O comissionamento do primeiro submarino Hangor, construído pela China para o Paquistão, marca um ponto de inflexão na dinâmica naval do Sul da Ásia: trata‑se de um avanço tecnológico e simbólico que reforça a capacidade de negação marítima de Islamabad, aprofunda laços estratégicos com Pequim e acelera uma reconfiguração do equilíbrio militar no oceano Índico.
Hangor em operação: o salto qualificado da marinha paquistanesa e seus números
O barco de ataque Hangor, variante exportação do Yuan 039A, introduz no inventário paquistanês sensores modernos, torpedos e mísseis antinavio com capacidade de atingir alvos de superfície, submarinos e pontos em terra, além de propulsão com Sistema de Propulsão Independente do Ar (AIP) que aumenta substancialmente a autonomia submersa. O pacote de oito unidades, avaliado em cerca de US$ 5 bilhões, prevê quatro navios construídos na China e quatro construídos no Paquistão sob acordo de transferência tecnológica; as quatro unidades chinesas devem ser entregues até 2028.
Do ponto de vista operacional, a introdução de AIP reduz a vulnerabilidade a detecção por aviões e sensores de superfície ao permitir mergulhos mais longos; em termos táticos, aumenta a capacidade paquistanesa de dissuadir ações adversas no Mar da Arábia e de operar numa zona de negação marítima ao longo de rotas marítimas estratégicas.
Raízes e evolução: a cooperação sino‑paquistanesa em defesa e referências históricas
A aliança militar entre China e Paquistão é produto de décadas de convergência estratégica iniciada durante a Guerra Fria e aprofundada nas últimas duas décadas por meio de fornecimentos, projetos conjuntos (como o caçador‑J F‑17) e infraestrutura correlata ao Corredor Econômico China‑Paquistão (CPEC). Historicamente, o nome "Hangor" remete a tradições navais paquistanesas e a operações submarinas significativas — um elemento simbólico que sublinha a importância do investimento atual.
Legenda: Presidente Xi e o Presidente Zardari durante cerimônia de boas‑vindas em Pequim | Créditos: Wu Hao - Pool/Getty Images
Dados recentes de transferência de armas corroboram esse movimento: entre 2021 e 2025, cerca de 80% das importações militares do Paquistão vieram da China e Islamabad aparece como um dos principais clientes das exportações militares chinesas (próximo a 60% do total). Além da construção dos submarinos, a dimensão da transferência tecnológica visa criar capacidade industrial local para manutenção e construção naval futura, embora enfrente desafios de escala, padronização e curva de aprendizado técnico.
Repercussões estratégicas: desequilíbrios regionais, reações indianas e implicações globais
A disponibilidade de submarinos AIP em número crescente tem efeitos multiplicadores sobre a segurança regional. Para o Paquistão, a classe Hangor amplia a credibilidade da dissuasão naval e a capacidade de proteger linhas de comunicação marítimas e portos estratégicos. Para a Índia, o avanço reforça a necessidade de renovar e ampliar capacidades de guerra antissubmarina (ASW) e integração de forças navais — uma resposta já em curso na forma de acordos de aquisição de AIP de Alemanha e investimentos em ASW.
No plano geopolítico mais amplo, o projeto fortalece o eixo sino‑paquistanês como vetor de projeção chinesa no Oceano Índico, dando a Pequim maior influência sobre rotas vitais e facilidades logísticas (diretas ou indiretas) na região árabe‑índica.
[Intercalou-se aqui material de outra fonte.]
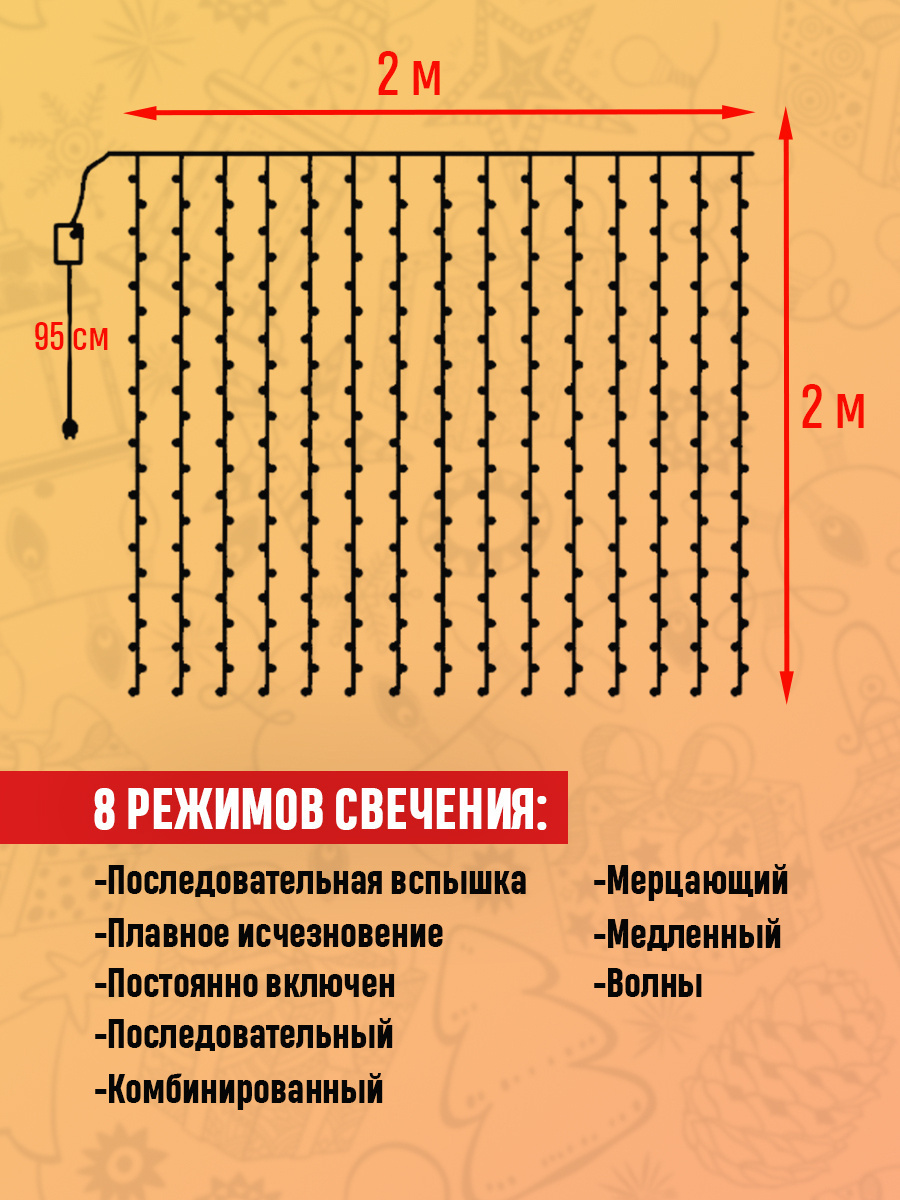 Электрогирлянда интерьерная Занавес GOODLAC Светодиодная, 2 м, питание От сети 220В, 1 шт

Isso pode estimular maior coordenação entre Índia, parceiros ocidentais e aliados regionais em matéria de vigilância marítima, exercícios ASW e medidas de contenção, além de suscitar fricções diplomáticas relacionadas à proliferação de capacidades submarinas.
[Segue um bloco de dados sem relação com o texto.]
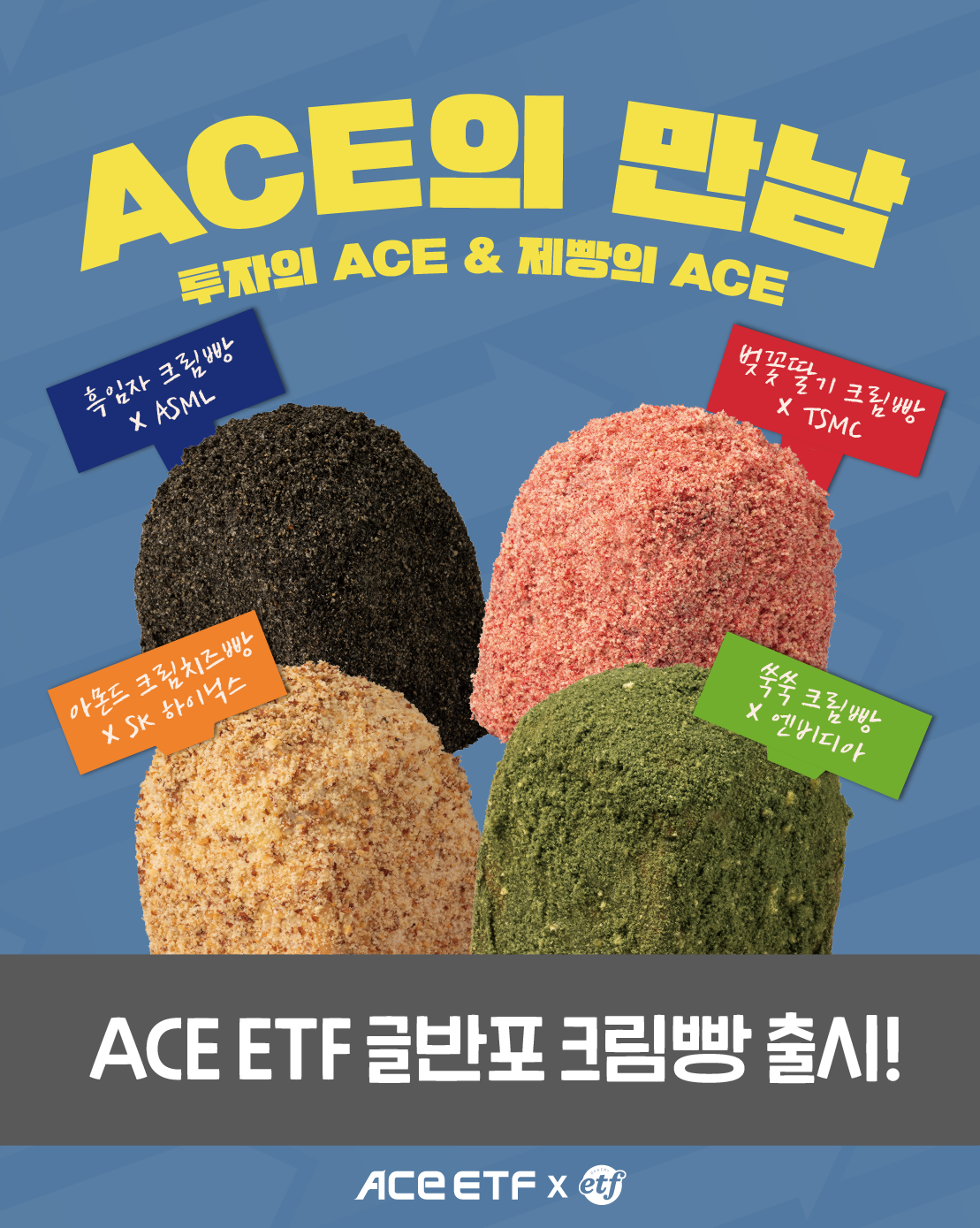 AI 시대, 반도체는 이제 선택이 아닌 핵심적으로 고려해야 할 산업. 그래서 ACE ETF는 반도체 핵심 기업들을 한 번에 담은 글반포 크림빵 4종 세트를 준비했습니다.
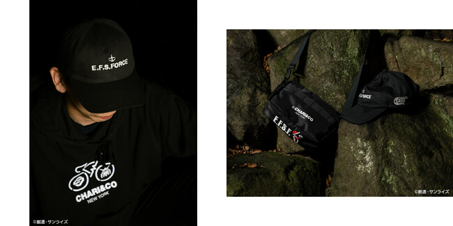 「E.F.S.FORCE」と地球連邦軍マークを前面にデザイン、飽きのこないシンプルな6パネルキャップです。サイドにはCAHRI&CO NYCロゴを刺繍、後頭部箇所にリフレクターパーツがあしらわれています。
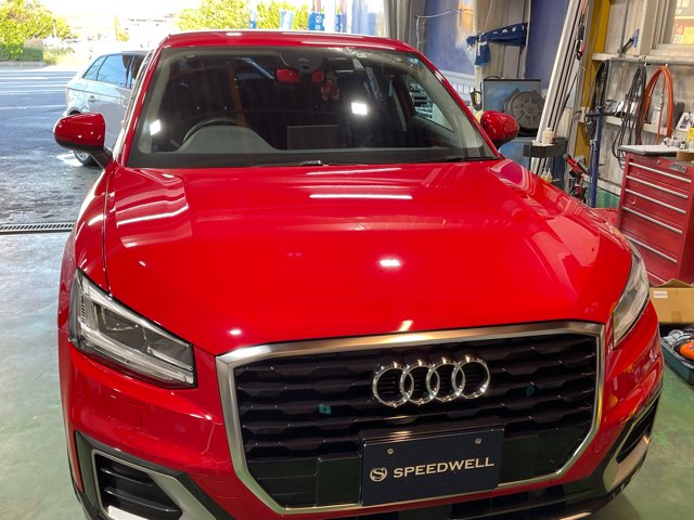 アウディ Q2のボディーにガラスコーティング、窓ガラスに撥水コーティングを施工しました。
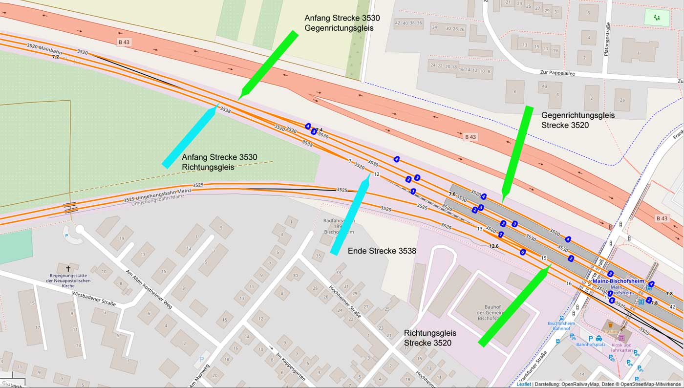 | Mainz-Bischofsheim | 7,78 | km 12,80 der Strecke Mainz-Mombach 0,0 - Mainz-Bischofsheim Pbf 12,80 - Mainz-Bischofsheim Gbf 13,11 |

Riscos e limitações também existem: submarinos convencionais dependem de logística, manutenção sofisticada e doutrina operacional integrada; a eficácia austríaca do programa dependerá da formação de tripulações, da cadeia de suprimentos e da interoperabilidade com outras plataformas. Em cenários de crise, há potencial de escalada naval localizada e de encarecimento de seguros e rotas comerciais se a região se militarizar ainda mais.
Prognóstico operacional e político: a curto prazo, espera‑se um aumento da vigilância e das manobras regionais, com Índia acelerando aquisições e parcerias ASW; a médio prazo, se a transferência de tecnologia se consolidar, o Paquistão poderá alcançar autonomia parcial em construção e manutenção de submarinos, alterando a capacidade de sustentação de sua marinha. Internacionalmente, o movimento reforça a narrativa de China como fornecedora estratégica de sistemas sensíveis, estimulando debates sobre controle de exportações, segurança marítima e arranjos de equilíbrio no Índico.